In the top of the eighth, Thomsen faced a first-and-second jam after entering in relief and hitting the first batter she faced. But she quickly settled in, striking out the next two hitters with offspeed pitches to keep the game tied.
Beginning in the ninth, both teams started each half-inning with a runner on second base, per the international tiebreaker rule.
Neither team capitalized on its free runner in the ninth.
But in the top of the 10th, Skyline came through. Grace began the frame on second base and advanced to third on a passed ball. Lindsey Murai, the Spartans’ No. 9 hitter, then lined a go-ahead single into right field to bring home Grace for a 3-2 lead.
In the bottom of the 10th, Jackson advanced the potential tying run to third base on a leadoff sacrifice bunt.
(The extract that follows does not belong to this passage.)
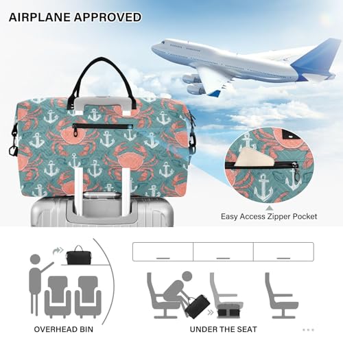 Anchor Crab Blue Large Travel Duffle Bag Weekender Overnight Bags Gym Yoga Bag for Women Men with Toiletry Bag 7

But Grace was unfazed, fanning the final two batters to seal the victory.
After Grace’s 24th and final punchout, her teammates rushed to the pitcher’s circle and mobbed her in celebration.
With the victory, Skyline (19-7) clinched its first state berth since 2016 and just its second in the past 16 full-length seasons.
Jackson dropped to the consolation bracket with the loss, but the two-time reigning 4A state champions still have two more chances to secure their sixth consecutive state trip.
The Timberwolves, who won the two most recent 4A state titles in 2018 and 2019, face Wesco 4A rival Lake Stevens in a non-elimination winner-to-state game at 4 p.m. Friday at Phil Johnson Ballfields. Lake Stevens handed Jackson its only other loss of the season.
The loser of that game then gets one more chance to reach state, when it faces either Redmond or Inglemoor at 6 p.m. Friday in a winner-to-state, loser-out contest.
“We just told them we’ve gotta have a short memory,” Peacocke said. “We have one day of practice to kind of regroup and get ourselves ready to go.”